Communiqué de presse de Jacques Limouzy

Quarante ans après : Orages sur le Parc

"C’est un décret du Président de la République du 1er mars 1967 qui institua les Parcs naturels régionaux.

Cette création était attendue puisque dès 1965, une étude réalisée à l’initiative de Cécil Mullens, Sous-préfet de Castres, mais aussi l’action dans l’Hérault d’une association constituée à Lamalou, annonçaient que le Haut Languedoc du Tarn et celui de l’Hérault pouvaient envisager de se réunir sur cet objectif.

Il devait revenir à la Direction régionale de l’Office national des forêts à Montpellier de faire réaliser un projet pour le compte de la délégation à l’Aménagement du territoire, par le Bureau d’études et de réalisations urbaines (Le BERU) en octobre 1969.

En 1970, Louis Lunes, maire de Courniou, présentait au nom des Chambres d’agriculture et de la FDSEA, au Congrès de la Fédération française d’économie montagnarde à Ajaccio un rapport sur les techniques d’accueil d’un parc qui n’existait que sous la forme d’une association de promotion.

Le Département de l’Aude que l’étude du BERU avait intégré dans le projet avec le Cabardès jusqu’à Lastours ne l’ayant pas accepté, il revenait aux Conseils généraux du Tarn et de l’Hérault de s’entendre.

Raoul Bayou, député et conseiller général de l’Hérault et moi même, alors membre du Gouvernement Chaban-Delmas et conseiller général du Tarn, fûmes d’accord pour lancer nos deux départements dans une aventure qui nous séduisait et qui devait réunir nos collectivités publiques aux Chambres d’agriculture et à la forêt, sous la forme d’un Syndicat mixte.

C’est ainsi que je devins le Président d’un Syndicat mixte de promotion et  de création du Parc en 1972 en attendant l’institution par décret le 22 octobre 1973 du Parc naturel régional du Haut-Languedoc.

Plus tard , le sénateur François Giacobbi, alors Président de la Fédération nationale des Parcs m’en fit élire Président d’honneur, sans que je prétende à des mérites particuliers.

Ainsi naquit ce Parc qui, sur un relief tourmenté, réunit le Languedoc de Toulouse et celui de Montpellier, où les eaux coulent vers l’Océan et vers la Méditerranée, où le seigle des Celtes rencontre l’olive des Grecs et où le sol est voué depuis mille ans à toutes les aventures de la foi.

Il n’a pas vécu sans écueils ni difficultés, il était bi-départemental, il est maintenant également bi-régional, son espace est devenu celui des communes et donc des citoyens.
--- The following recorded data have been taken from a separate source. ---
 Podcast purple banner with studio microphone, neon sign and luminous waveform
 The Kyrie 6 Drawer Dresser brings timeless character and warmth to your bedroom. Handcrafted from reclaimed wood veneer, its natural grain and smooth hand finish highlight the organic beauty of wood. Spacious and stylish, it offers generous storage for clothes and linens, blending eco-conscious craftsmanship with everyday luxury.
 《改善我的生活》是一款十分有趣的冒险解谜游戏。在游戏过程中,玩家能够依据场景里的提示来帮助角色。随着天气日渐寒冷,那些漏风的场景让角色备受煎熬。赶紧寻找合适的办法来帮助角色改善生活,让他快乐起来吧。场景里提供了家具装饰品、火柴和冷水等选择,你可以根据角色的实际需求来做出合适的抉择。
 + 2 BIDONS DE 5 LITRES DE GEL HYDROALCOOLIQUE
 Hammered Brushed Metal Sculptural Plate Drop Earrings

Sa présence marque désormais le destin de ceux qui s’y trouvent depuis tant d’années.

Mais voici qu’aujourd’hui, la Communauté d’agglomération de Castres-Mazamet va être appelée à émettre un vote approuvant ou non la Charte du Parc naturel régional du Haut-Languedoc pour douze ans.
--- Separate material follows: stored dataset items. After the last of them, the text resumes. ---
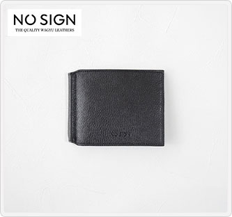 “NO SIGN” は、日本古来の和牛種が紡ぎ出す「WAGYU LEATHER」の気品ある手触りを大切にした、上質な暮らしを愉しむ大人のためのレザーグッズブランドです。紙幣を中央のクリップで挟む方式のマネークリップ。スリムでコンパクトな設計で、スーツのポケットに収まりやすいサイズ感です。
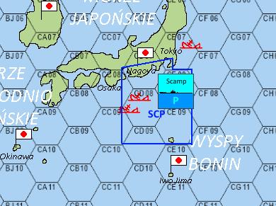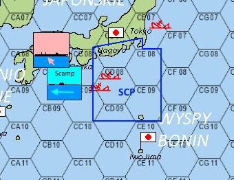 Chwilę później XO zaznaczył pozycję ataku na mapie. Grupa poruszała się z prędkością 25 węzłów (4 pola, dop. Finka) i jeżeli tylko zmierzali nie do Kure, a do Tokyo lub Osaki to Scamp był w stanie przeciąć kurs grupy. Niemniej dotychczasowy kurs z meldunku wskazywał raczej na rejs do Kure (CB07) lub na Morze Japońskie.
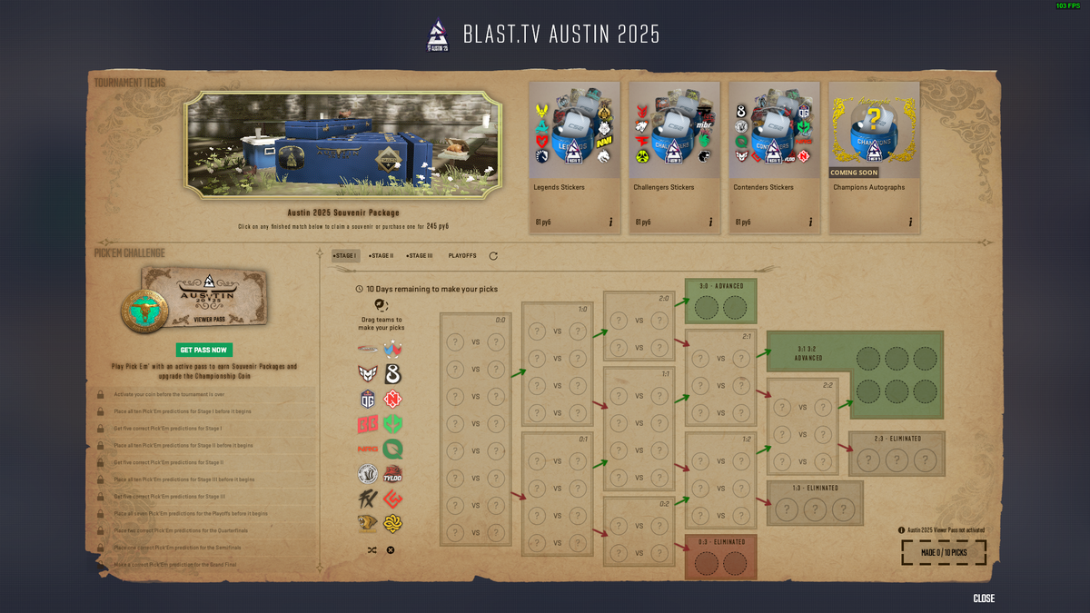 Austin 2025 Viewer Pass обойдётся вам в 810₽ Austin 2025 Viewer Pass + 3 Souvenir Tokens обойдутся вам в 1460₽ Также добавили 4 капсулы к турниру Austin 2025 Legends Sticker Capsule: 81₽ Austin 2025 Legends Autograph Capsule: 81₽ Austin 2025 Challengers Sticker Capsule: 81₽ Austin 2025 Challengers Autograph Capsule: 81₽ Austin 2025 Contenders Sticker Capsule: 81₽ Austin 2025 Contenders Autograph Capsule: 81₽ Austin 2025 Souvenir Package: 245₽ будет добавлена позже Champions Autographs (coming soon) в данный момент недоступна.
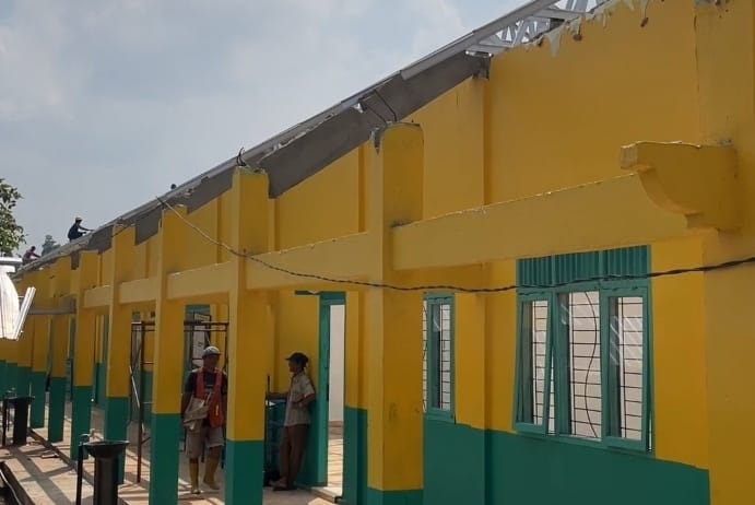PROGRAM REVITALISASI: Para pekerja sedang merehabilitasi 13 ruang kelas SMAN 1 Punggur, Lampung Tengah.--FOTO RNN
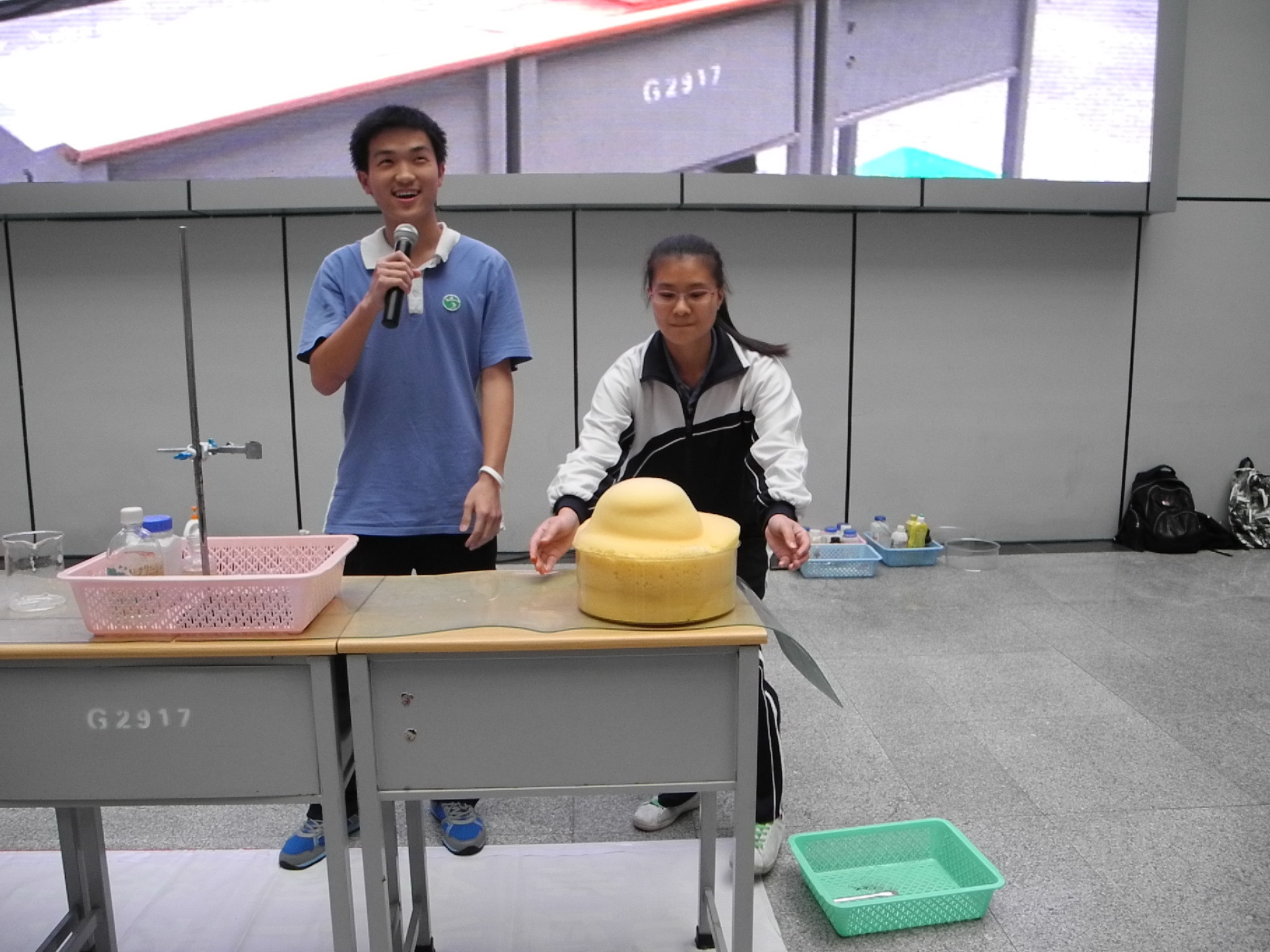 ◆化学魔术汇演 3月27 日下午,同学们期待已久的化学魔术表演在教学一楼大厅闪亮登场。高一和高二的十几组同学给大家带了几十个异彩纷呈的魔术实验,效果极其轰动!例如“大象的鼻子”、“彩色冰激淋”、“法老之响”、“点不着的抹布”、“火山爆发”、“水下星火”、“火山爆发”等等,吸引大量同学围观和参与。通过大厅的电子屏幕实况转播,六层的教学大厅走廊上都挤满了津津有味欣赏的同学。当最后一组同学坚持完成了耗时长但非常有意义的七色焰火实验,他们执着、专业的态度获得了热烈的掌声。此次化学魔术表演高一和高二的学生都做了若干次预演、充分的准备,化学科组老师们也多次到场指导,保证大家的安全,加上电教部老师的积极配合,化学魔术大会顺利结束。

Les communes composant le territoire du Parc ont déjà adhéré à la charte ou l’on rejetée pour certaines.

Je respecte la décision de celles d’entre elles qui comme Mazamet ou Lacabarède n’ont pas cru devoir voter cette charte pour des raisons que je ne suis pas loin de partager avec elles, mais dont je ne puis approuver les conséquences qui peuvent être les suivantes :

Si le vote qui est demandé aux délégués élus par les communes au Conseil de la communauté d’agglomération, se révélait négatif, il devient porteur d’un risque majeur de déstructuration de ces deux institutions publiques que sont le Parc et la Communauté elle-même.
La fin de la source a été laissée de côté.